- _The problem_:
Here the job is to retype the data word for word while leaving the pictures aside.

- _Data excerpts_:
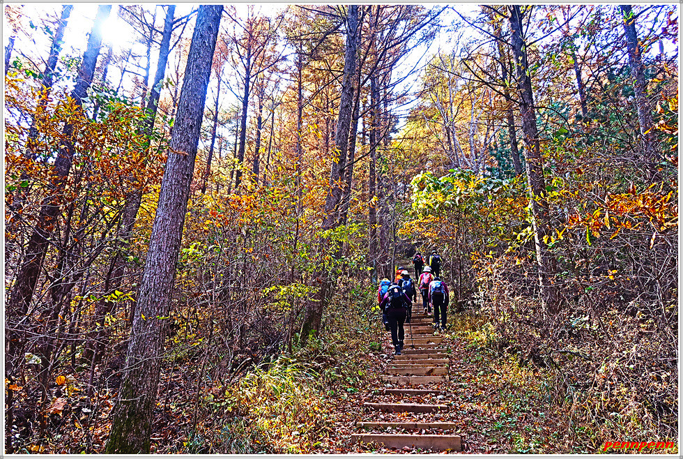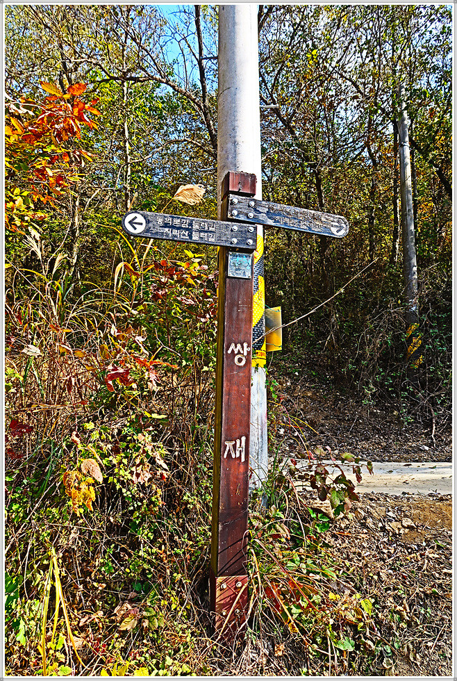삼거리로 되돌아 나와 가파른 계단을 오르면 폭포의 위쪽이지만 조망은 거의 불가능해 그냥 지나칩니다. 이제부터 산길은 매우 부드럽습니다. 소나무 군락지를 지나니 주막(5코스 둘레길 쉼터)이네요. 주막 뒤에서부터는 자동차통행이 가능한 임도인데 좌측 산비탈에는 간벌이 매우 잘 되어 있는 모습입니다. 이어서 도착한 곳은 쌍재입니다. 쌍재는 예전 함양 휴천에서 산청방면으로 오가는 사람들의 왕래가 잦았던 고개마루로 주막과 마을이 있었다고 합니다.
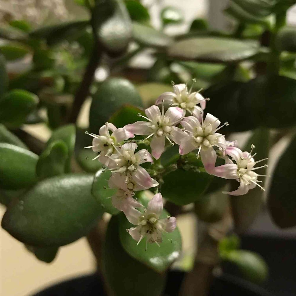 一月の中旬からお花が咲き始めた金のなる木。
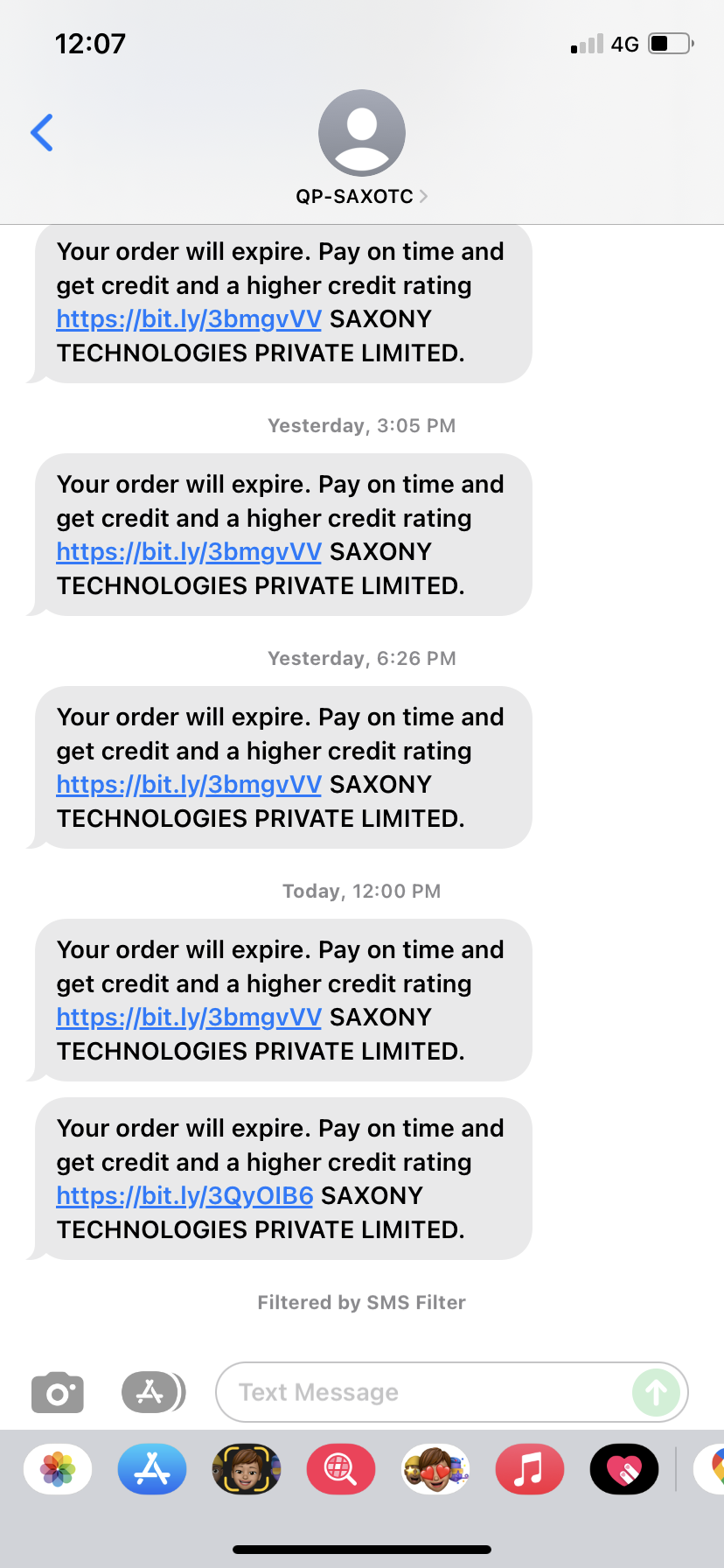 Receiving text messages form Saxony Technology , pay on time I have not taken any loan or anything else.
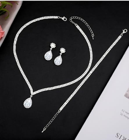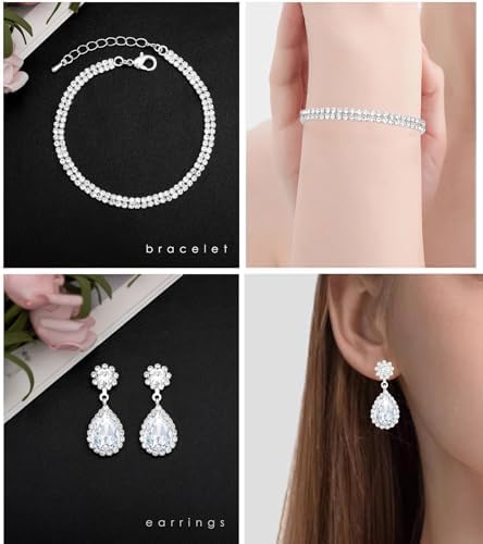 Sponsored Ad - Elegant Silver Crystal Wedding Necklace Earrings Bracelet Jewelry Set for Women Brides Bridesmaids Prom Party Costume Accessory Bridal Jewelry
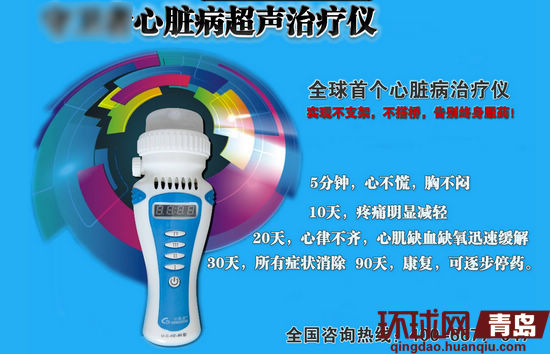 宮女士對環(huán)球網(wǎng)青島頻道記者說, 10月22日她被確診為心臟病。10月23日,翻閱報紙時看到某超聲波治療儀的大篇幅廣告,該治療儀聲稱“不求醫(yī)院,不服藥,在家治好心臟病?!彪m然該儀器的售價高達1600余元,但宮女士看到治療儀宣稱的“4到10天接觸心絞痛,60到120天徹底康復(fù)”還是決定暫暖住院,寄希望于該治療儀。當(dāng)天,宮女士的丈夫根據(jù)報紙上刊登的地址,在青島同仁堂威海路店買了一臺。
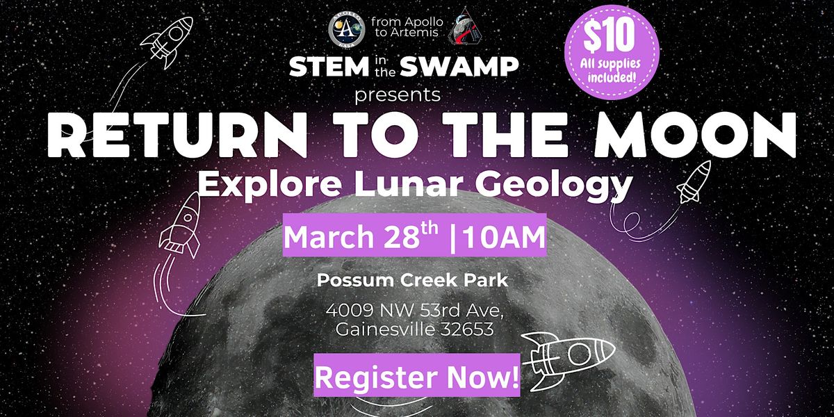 Join us for STEM in the SWAMP: Return to the Moon – Lunar Geology Series, where curious young minds will dive into the science of the Moon through hands-on, interactive activities.
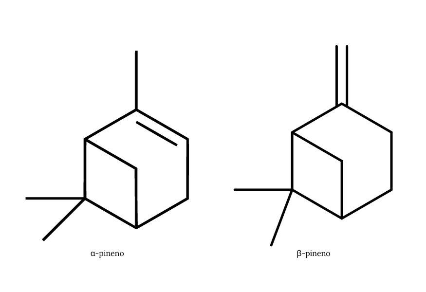 b. β-pineno: El β-pineno, también conocido como beta-pineno, es la otra forma isomérica del pineno. Tiene un aroma ligeramente diferente respecto al α-pineno, con un aroma más terroso y herbáceo.
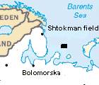 The Shtokman field is one of the world's largest natural gas fields. It is located in the central part of the Barents Sea, 650 kilometres (400 mi) northeast of the city of Murmansk and 1,000 kilometres (620 mi) west of the Yamal Peninsula. The field is estimated to contain up to 3.7 trillion cubic metres (130 trillion cubic feet) of gas.[56] Potential production is 71 billion cubic metres per annum (2.5 trillion cubic feet per annum) in the initial phases, with a potential increase to 95 billion cubic metres per annum (3.4 trillion cubic feet per annum).[51] Gazprom, Total (France) and Statoil (Norway) created a joint company Shtokman Development AG for development of the field.[63][64][65]
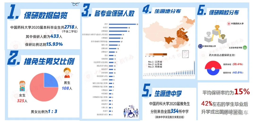 A:2019届本科毕业生升学率近43%。在长三角、珠三角、成渝经济圈等沿海、沿江经济发达省份、城市等医药产业集聚地带就业的学生比例近80%。毕业生到国家机关、高校、科研院所、国内知名创新型单位、全球医药50强和国内制药工业100强等头部单位就业的比例超过70%。选择药学类专业,可以成为政府党政机关重要部门负责人。中国药大的毕业生中也不乏以部长、省长、省市食品药品监督管理局局长为代表的党政机关各级领导。可以成为创新创业的企业家。可以成为国家药物政策专家。在现任国家药典委员会委员中,我校毕业校友占五分之一。在最近国家药品监督管理局药品审评中心公布的第一批外聘专家名单中,我校入选教授占高校专家的十分之一。
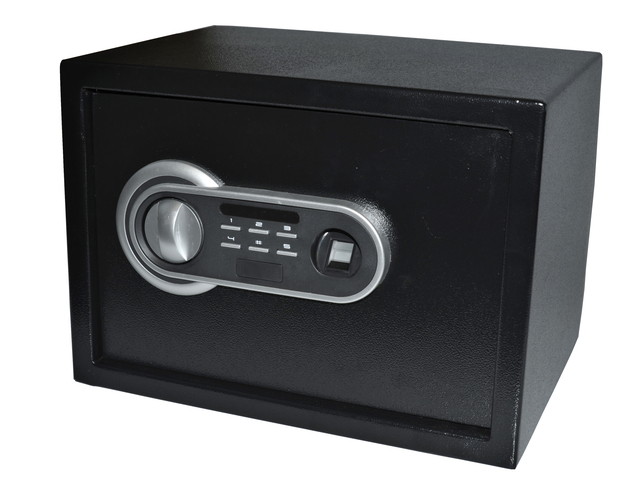 * De Pavo elektronische fingerprint kluis is ideaal voor persoonlijk gebruik of voor op kantoor. * 2 stalen bouten (dubbele bout vergrendeling) garanderen de veilige sluiting van de stalen deur. * De elektronische fingerprintslot is eenvoudig te programmeren met een persoonlijke vingerafdruk scan. * Te programeren tot 100 verschillende gebruikers. * Indien bijvoorbeeld de batterijen leeg zijn, kan de kluis worden geopend met de bijgeleverde noodsleutel. * Ook voorzien van een elektronische cijfercombinatieslot. * De kluis is dus op 3 manieren te openen; d.m.v. digitale cijferslot, fingerprintslot én met de bijgeleverde reservesleutels. * Kan voor de veiligheid gemonteerd worden tegen de muur of op de grond. * Afmetingen kluis: 350x250x250mm – ca. 16 L. * Binnen maten: 225x240x340mm. * Dubbelwandige deurdikte van 4mm dik en bodydikte van 2mm. * Incl. 2x noodsleutels en bevestigingsmateriaal. * Exclusief 4x AA batterijen. * Materiaal: staal.
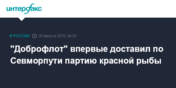 Москва. 28 августа. INTERFAX.RU - Группа компаний "Доброфлот" (Приморский край) впервые доставила рыбу с Дальнего Востока транспортным рефрижератором через Северный морской путь (СМП).
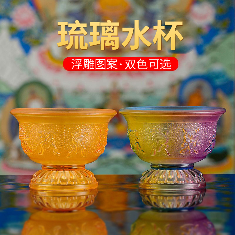 藏村彩色琉璃供水碗 佛前供水杯家用莲花圣水杯 观音财神贡杯摆件
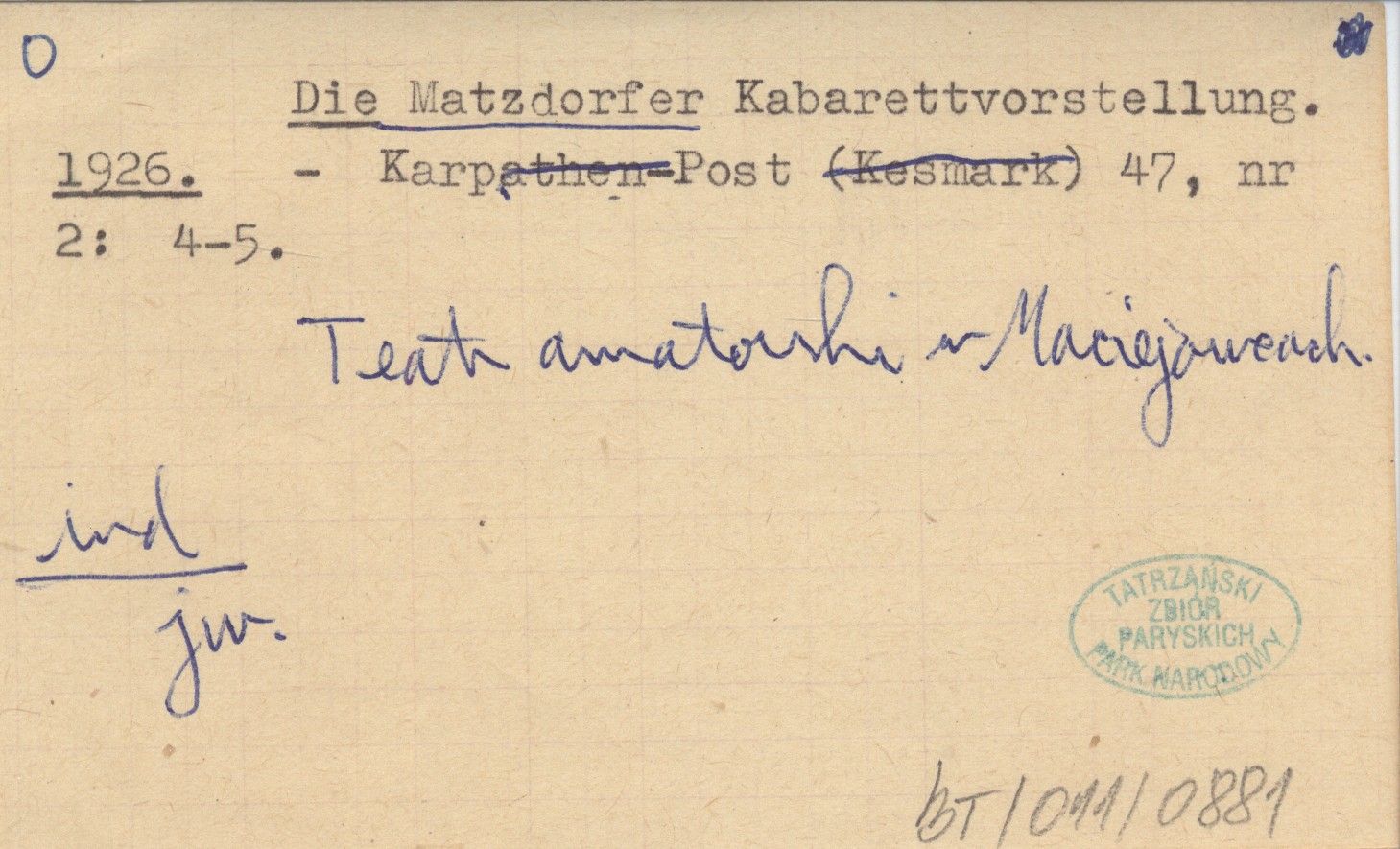 Projekt Digitalizacja fiszek z Bibliografią Tatr i Podtatrza Witolda Henryka Paryskiego jest finansowany ze środków Ministra Kultury i Dziedzictwa Narodowego oraz Tatrzańskiego Parku Narodowego.
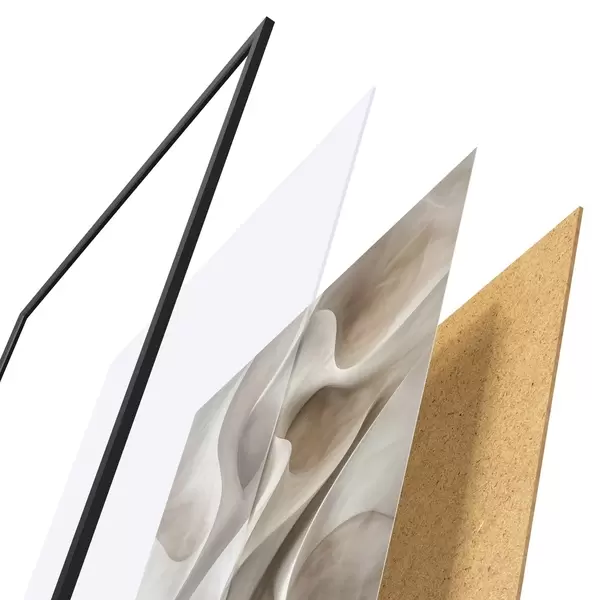 Plakát se skládá z rámu, plexiskla, tištěného obrazu a dřevotřískového podkladu. Díky úchytům na zadní straně lze plakát ihned zavěsit na zeď.
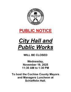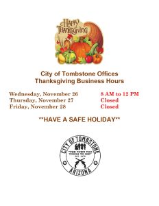 City of Tombstone offices will be closing Wednesday, November 25,…
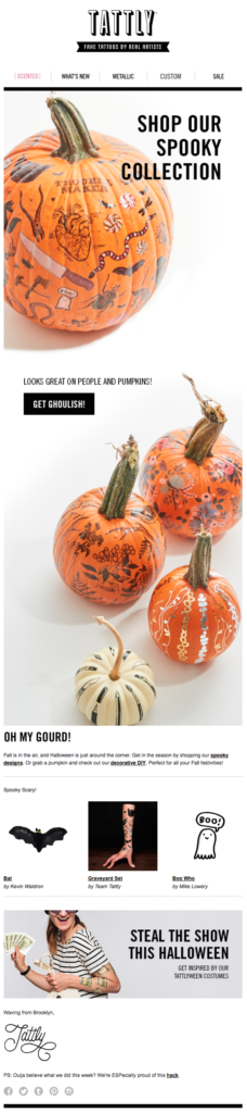 At first glance, this Halloween email from Tattly, the fake tattoo company, looks super bright, modern, and simple. Why? It’s a matter of white space.
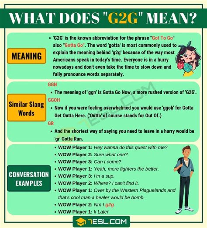 On the internet, the term G2G means “got to go” or “gotta go. “The line is left in instant messaging, email, or text messaging when a recipient needs to leave the conversation immediately.What does G2G mean in Urban Dictionary?
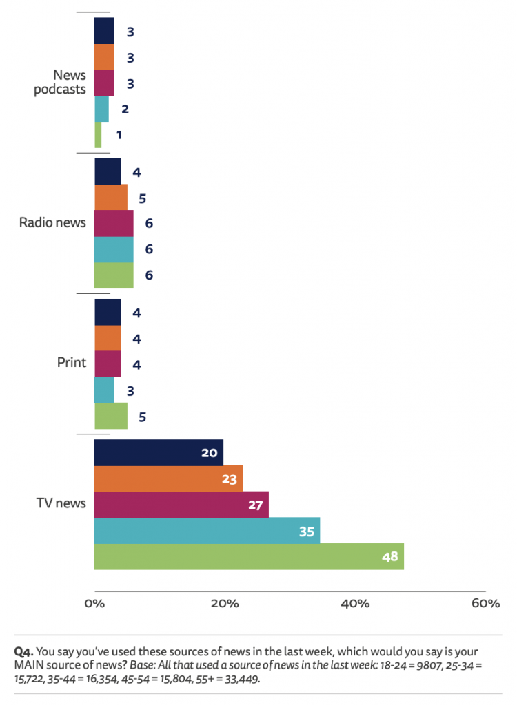 La bascule s’est faite sur une génération. Aujourd’hui, l’ensemble des moins de 35 ans s’informent principalement sur les médias sociaux devant les site des nouvelles ou la télévision (cf graphique ci-dessus).

- _Exercise output_:
삼거리로 되돌아 나와 가파른 계단을 오르면 폭포의 위쪽이지만 조망은 거의 불가능해 그냥 지나칩니다. 이제부터 산길은 매우 부드럽습니다. 소나무 군락지를 지나니 주막(5코스 둘레길 쉼터)이네요. 주막 뒤에서부터는 자동차통행이 가능한 임도인데 좌측 산비탈에는 간벌이 매우 잘 되어 있는 모습입니다. 이어서 도착한 곳은 쌍재입니다. 쌍재는 예전 함양 휴천에서 산청방면으로 오가는 사람들의 왕래가 잦았던 고개마루로 주막과 마을이 있었다고 합니다.
 一月の中旬からお花が咲き始めた金のなる木。
 Receiving text messages form Saxony Technology , pay on time I have not taken any loan or anything else.
 Sponsored Ad - Elegant Silver Crystal Wedding Necklace Earrings Bracelet Jewelry Set for Women Brides Bridesmaids Prom Party Costume Accessory Bridal Jewelry
 宮女士對環(huán)球網(wǎng)青島頻道記者說, 10月22日她被確診為心臟病。10月23日,翻閱報紙時看到某超聲波治療儀的大篇幅廣告,該治療儀聲稱“不求醫(yī)院,不服藥,在家治好心臟病?!彪m然該儀器的售價高達1600余元,但宮女士看到治療儀宣稱的“4到10天接觸心絞痛,60到120天徹底康復(fù)”還是決定暫暖住院,寄希望于該治療儀。當(dāng)天,宮女士的丈夫根據(jù)報紙上刊登的地址,在青島同仁堂威海路店買了一臺。
 Join us for STEM in the SWAMP: Return to the Moon – Lunar Geology Series, where curious young minds will dive into the science of the Moon through hands-on, interactive activities.
 b. β-pineno: El β-pineno, también conocido como beta-pineno, es la otra forma isomérica del pineno. Tiene un aroma ligeramente diferente respecto al α-pineno, con un aroma más terroso y herbáceo.
 The Shtokman field is one of the world's largest natural gas fields. It is located in the central part of the Barents Sea, 650 kilometres (400 mi) northeast of the city of Murmansk and 1,000 kilometres (620 mi) west of the Yamal Peninsula. The field is estimated to contain up to 3.7 trillion cubic metres (130 trillion cubic feet) of gas.[56] Potential production is 71 billion cubic metres per annum (2.5 trillion cubic feet per annum) in the initial phases, with a potential increase to 95 billion cubic metres per annum (3.4 trillion cubic feet per annum).[51] Gazprom, Total (France) and Statoil (Norway) created a joint company Shtokman Development AG for development of the field.[63][64][65]
 A:2019届本科毕业生升学率近43%。在长三角、珠三角、成渝经济圈等沿海、沿江经济发达省份、城市等医药产业集聚地带就业的学生比例近80%。毕业生到国家机关、高校、科研院所、国内知名创新型单位、全球医药50强和国内制药工业100强等头部单位就业的比例超过70%。选择药学类专业,可以成为政府党政机关重要部门负责人。中国药大的毕业生中也不乏以部长、省长、省市食品药品监督管理局局长为代表的党政机关各级领导。可以成为创新创业的企业家。可以成为国家药物政策专家。在现任国家药典委员会委员中,我校毕业校友占五分之一。在最近国家药品监督管理局药品审评中心公布的第一批外聘专家名单中,我校入选教授占高校专家的十分之一。
 * De Pavo elektronische fingerprint kluis is ideaal voor persoonlijk gebruik of voor op kantoor. * 2 stalen bouten (dubbele bout vergrendeling) garanderen de veilige sluiting van de stalen deur. * De elektronische fingerprintslot is eenvoudig te programmeren met een persoonlijke vingerafdruk scan. * Te programeren tot 100 verschillende gebruikers. * Indien bijvoorbeeld de batterijen leeg zijn, kan de kluis worden geopend met de bijgeleverde noodsleutel. * Ook voorzien van een elektronische cijfercombinatieslot. * De kluis is dus op 3 manieren te openen; d.m.v. digitale cijferslot, fingerprintslot én met de bijgeleverde reservesleutels. * Kan voor de veiligheid gemonteerd worden tegen de muur of op de grond. * Afmetingen kluis: 350x250x250mm – ca. 16 L. * Binnen maten: 225x240x340mm. * Dubbelwandige deurdikte van 4mm dik en bodydikte van 2mm. * Incl. 2x noodsleutels en bevestigingsmateriaal. * Exclusief 4x AA batterijen. * Materiaal: staal.
 Москва. 28 августа. INTERFAX.RU - Группа компаний "Доброфлот" (Приморский край) впервые доставила рыбу с Дальнего Востока транспортным рефрижератором через Северный морской путь (СМП).
 藏村彩色琉璃供水碗 佛前供水杯家用莲花圣水杯 观音财神贡杯摆件
 Projekt Digitalizacja fiszek z Bibliografią Tatr i Podtatrza Witolda Henryka Paryskiego jest finansowany ze środków Ministra Kultury i Dziedzictwa Narodowego oraz Tatrzańskiego Parku Narodowego.
 Plakát se skládá z rámu, plexiskla, tištěného obrazu a dřevotřískového podkladu. Díky úchytům na zadní straně lze plakát ihned zavěsit na zeď.
 City of Tombstone offices will be closing Wednesday, November 25,…
 At first glance, this Halloween email from Tattly, the fake tattoo company, looks super bright, modern, and simple. Why? It’s a matter of white space.
 On the internet, the term G2G means “got to go” or “gotta go. “The line is left in instant messaging, email, or text messaging when a recipient needs to leave the conversation immediately.What does G2G mean in Urban Dictionary?
 La bascule s’est faite sur une génération. Aujourd’hui, l’ensemble des moins de 35 ans s’informent principalement sur les médias sociaux devant les site des nouvelles ou la télévision (cf graphique ci-dessus).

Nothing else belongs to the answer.